Strelkov and Berezin: modern Don Quixotes? Fantasy in East Ukraine

We had fed the heart on fantasies,
The heart's grown brutal from the fare...

(W.B. Yeats: Meditations in Time of Civil War)

For all their professed contempt for the West, Strelkov and Co. seem to get a lot of their ideas from Hollywood. Strelkov’s conspiracy theory about the MH17 being full of corpses was straight from the TV series Lost. Now Strelkov’s deputy, Fyodor Berezin, has been taking his Matrix DVDs a bit too seriously, judging by a bizarre interview in Novaya Gazeta. He claims we are all just computer programmes and Strelkov may never have even existed.

There is a strange overlap between the war in eastern Ukraine and fantasy literature. Before he became a rebel bigwig, Berezin was a hack writer, who published dozens of pulp novels. Back in 2009, Arsen Avakov, now the Ukrainian interior minister, chaired the ''Star Bridge'' International Science Fiction Festival in Kharkiv. He noticed that a lot of the new Russian fiction in the military fantasy genre was about future conflict in Ukraine, including Berezin's Ukrainian Front, which imagines a confrontation between Russia and NATO in the Donetsk and Luhansk area. Other examples included Battlefield: Ukraine by Giorgi Savitsky and Russian-Ukrainian Wars by Alexander Sever. This led Avakov to ask: did the Russians want a war?

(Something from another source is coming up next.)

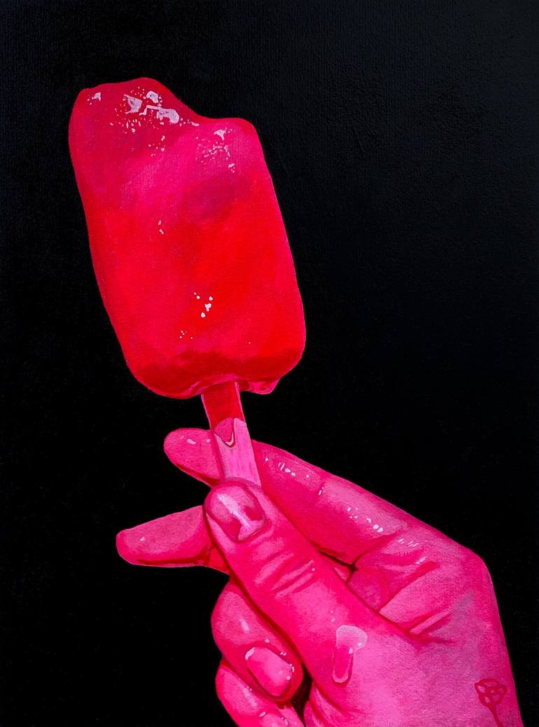 A summer oil color study featuring a hot pink, melting popsicle.

Last December, Strelkov himself published a children's fantasy novel, which could easily be seen as an allegory of the coming showdown between true Russian patriots and their treacherous Slav brethren, i.e. the Ukrainians. The title translates literally as The Detective of Castle Heldiborn (or maybe The Detective Story of Castle Heldiborn). It tells the tale of the inhabitants of Castle Heldiborn and their incessant wars with just about everybody else. Strelkov writes:

The masters of the castle – the knights of Heldiborn – were then, as now, terribly warlike. And this is no surprise. In those days there was not a trace of any fascinating sciences or arts. Ships did not cross the sea… What was left for the noble people to do? If foreign wars arose, they would journey to the border with the army of the Imperator; if there were none, they would fight their neighbours – knights like them. Or they would start all kinds of rebellions. It goes without saying that we, the keepers of the castle, the Ist-Limesy, helped our masters in everything they did and followed their example.

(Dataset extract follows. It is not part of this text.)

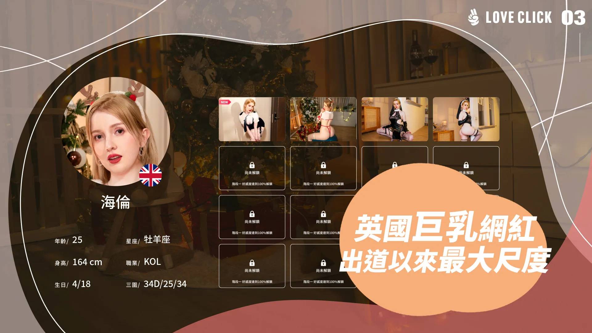 你請了一位英語家教,沒想到是來自英國的巨乳網紅 海倫白天,她身穿合身的教師裝,外表專業卻藏不住她誘人的雙乳,她認真的教著英語單詞,舌尖卻總是若有似無的舔過唇角。你看得出神,她發現了你的目光,便假裝無意的解開領口,露出雪白肌膚,故作困惑地說:「好熱啊」接著湊近你的耳畔,故意在每次示範發音時微微呻吟,讓每個字都變得炙熱難耐。夜晚換上修女服的她變得更加危險。「神會寬恕你的罪孽,但你,能寬恕自己對我的渴望嗎?」她輕輕跪在你面前,手指劃過鎖骨,露出微微顫抖的胸膛。「還不懺悔嗎?」隨著修女服的滑落,她的笑容只剩致命的挑逗。聖誕夜降臨,她化身為聖誕女郎,為你帶來無法拒絕的禮物。她將糖果輕輕送到你的唇邊,舔著自己的指尖問:「甜嗎?想不想嚐嚐其他地方更甜的滋味?」她解開裙擺的緞帶,慢慢將自己呈現為你的「專屬聖誕禮物」。

The Ist-Limesy are fantastic creatures based on the domovoi, a household spirit in Russian folklore (traditionally more famous for mischief-making than patriotic violence). The deadly enemies of the Ist-Limesy are their fellow domovie, the Piff-Paffs - nasty, treacherous creatures who help the knights of the evil Castle Buffenzig. Renata Lis sees a clear analogy between the Piff-Paffs and the Ukrainians. Castle Heldiborn is the sacred land which must be defended: Rus', Russia or the Soviet Union.

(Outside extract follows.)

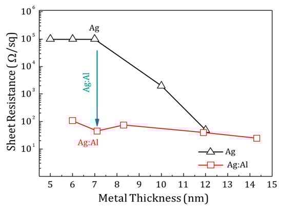 Sheet resistance with the increasing thickness of Ag and Ag:Al films are shown in Figure 7. The Ag films with thickness less than 7 nm behave as insulators with a high sheet resistance of 105 Ω/Sq. Ag:Al films of similar thickness show a sheet resistance of several 100 Ω/Sq. The huge drop in sheet resistance in Ag:Al films was due to the enhanced density of heterogeneous nucleation sites, avoiding the formation of isolated islands in the films []. The calculated resistivity of the Ag:Al films was comparable to the bulk resistivity of Ag films, confirming the uniform nature of the films.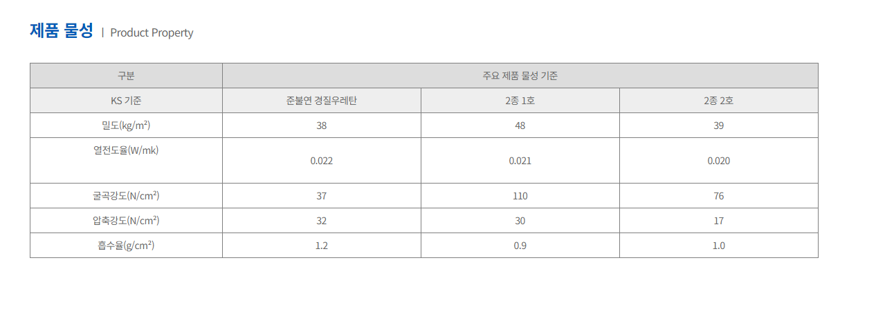 다른 곳의 답변에서 준불연경질우레탄이 XPS보다 흡수율이 높아서 추천하지는 않지만 밀도가 어느 정도 이상이면 (수치가 기억 안남) 사용할 수 있다고 답신해 주신 것을 보았는데요.

I predict that one day some Russian satirist - a Pelevin or a Sorokin - will produce an updated, blackly comic version of Don Quixote based on the current events in Ukraine. The hero, the Knight of the Sad Countenance Igor Strelkov, and his loyal Sancho Panza Fyodor Berezin will have their heads crammed full of cheap sci-fi and jingoistic Russian military history. Only this time, they won't be tilting at windmills, but shooting down civilian airliners. And this time it will be for real.

(Much of the information in this post came from Renata Lis in Rzeczpospolita and Oleg Khlebnikov  in Novaya Gazeta).